Symphony turns project work into isolated, autonomous implementation runs, allowing teams to manage work instead of supervising coding agents.
Build an autonomous work management system that spawns isolated AI agent runs to handle tasks from Linear boards and safely merge completed work.
I want you to build Symphony, which is a system that turns project work into isolated, autonomous implementation runs. The core idea is that instead of supervising coding agents directly, teams manage work items (like tasks on a Linear board), and Symphony spawns agents to handle each task autonomously.
Here's what Symphony should do: Monitor a work management system like Linear for new tasks or work items. When it finds work, it spawns an isolated implementation run that gives an AI agent everything it needs to complete that specific task. The agent works autonomously in that isolated environment, makes changes, runs tests, and provides proof of work like CI status, PR review feedback, and complexity analysis. Once the agent finishes, Symphony helps land the work safely, like merging PRs. Engineers manage the work at a higher level instead of babysitting agents.
The reference implementation is in Elixir, so use that tech stack. Elixir is a great choice here because it's built for concurrent, distributed systems and fault tolerance, which is perfect for spawning and managing multiple autonomous agent runs in parallel.
Key architectural pieces you need: A specification that defines how Symphony should work (check SPEC.md for the detailed contract). A work queue or polling system that watches for incoming tasks from Linear or similar tools. An isolation layer that sets up clean environments for each agent run, probably using containers or similar. Integration with an AI coding agent (like Claude Code) that can take a task and implement it. A proof of work system that captures what the agent did, including test results, complexity metrics, and video walkthroughs. A safe landing mechanism for accepting and merging completed work back into the main codebase.

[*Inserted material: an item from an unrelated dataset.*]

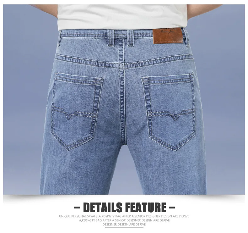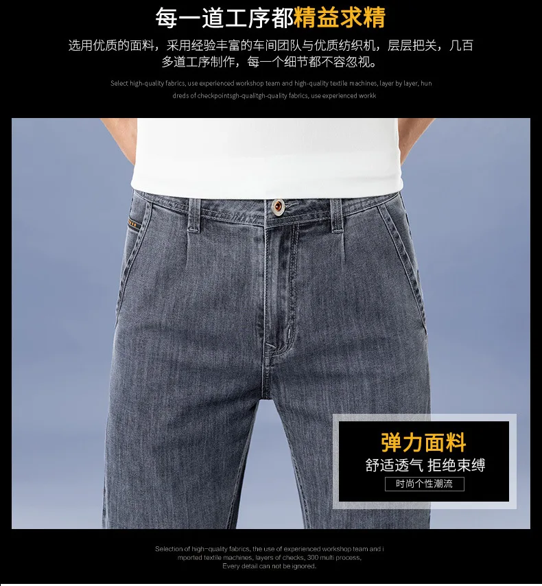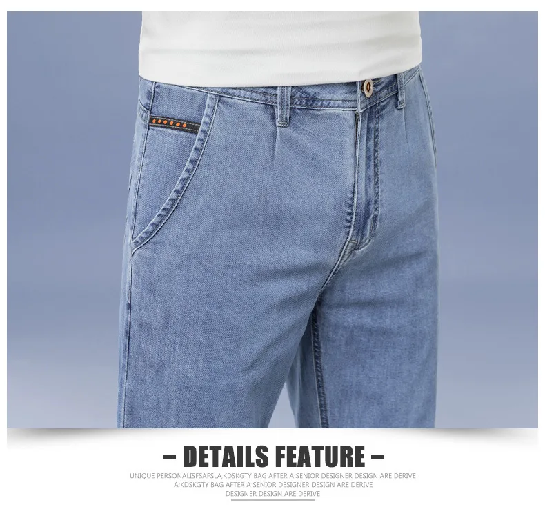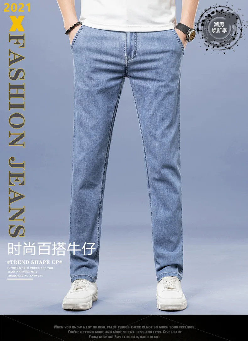 Free Shipping 2023 Men’s Summer Thin Mid Rise Straight Leg Jeans Elastic Loose Youth Business Casual Pants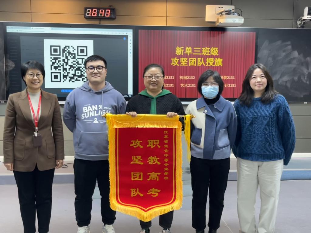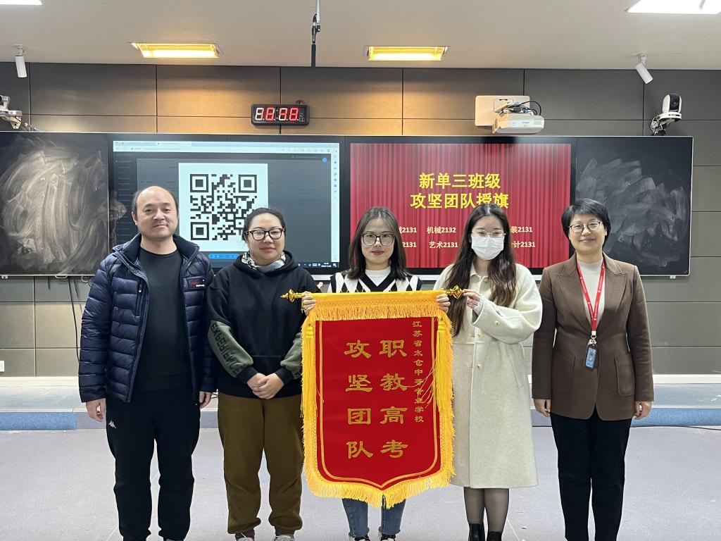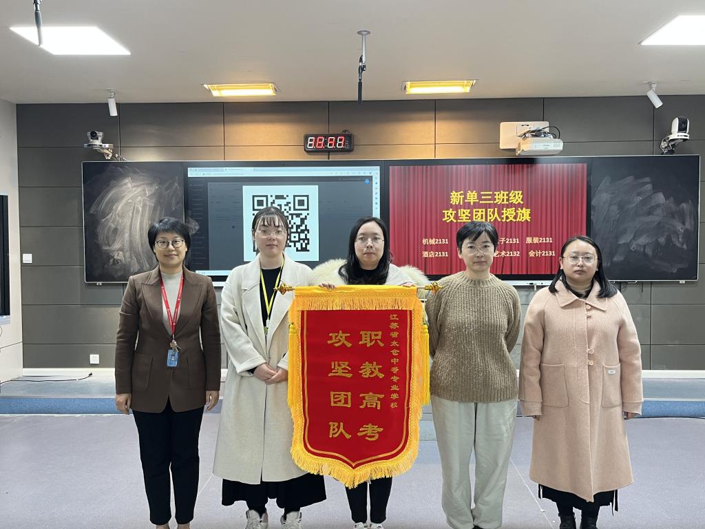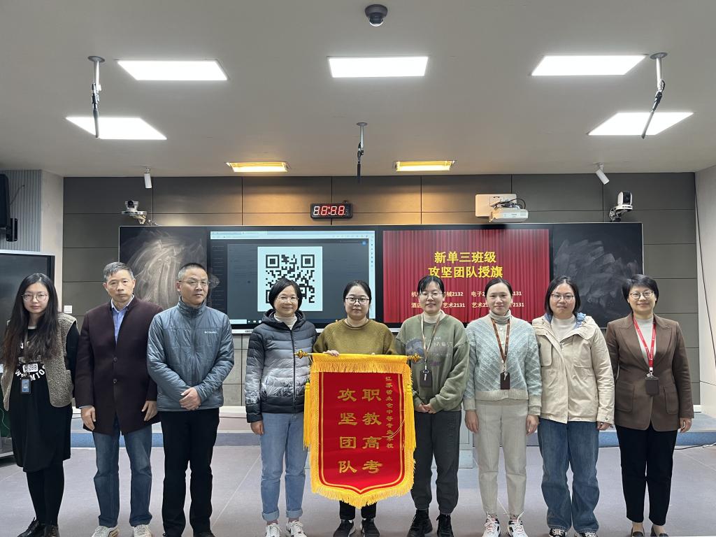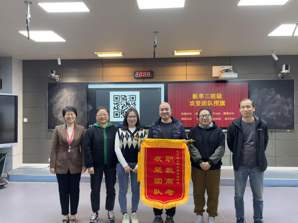 接着,由殷利副校长为新单三班级攻坚团队授旗,陆伟主任公布《滚球app登录对口单招高考质量奖励方案》以及2024届对口单招本科线班级目标。殷利副校长肯定了单三教学团队的辛勤付出,希望在备战2024届职教高考中单三教学团队能够心往一处使,全心全意为学生服务,在明年的职教高考中完成目标并力争突破。

The system should be designed so that each task runs independently and can fail gracefully without affecting others. You need good observability and logging so teams can see what agents are doing and make decisions about accepting or rejecting their work.
Build this as a framework or reference implementation that teams can customize for their own repositories and work management tools. Make it modular so people can swap out pieces like the work queue source or the AI agent backend. Include documentation on how to set up the environment and integrate it with existing codebases, especially those using harness engineering practices.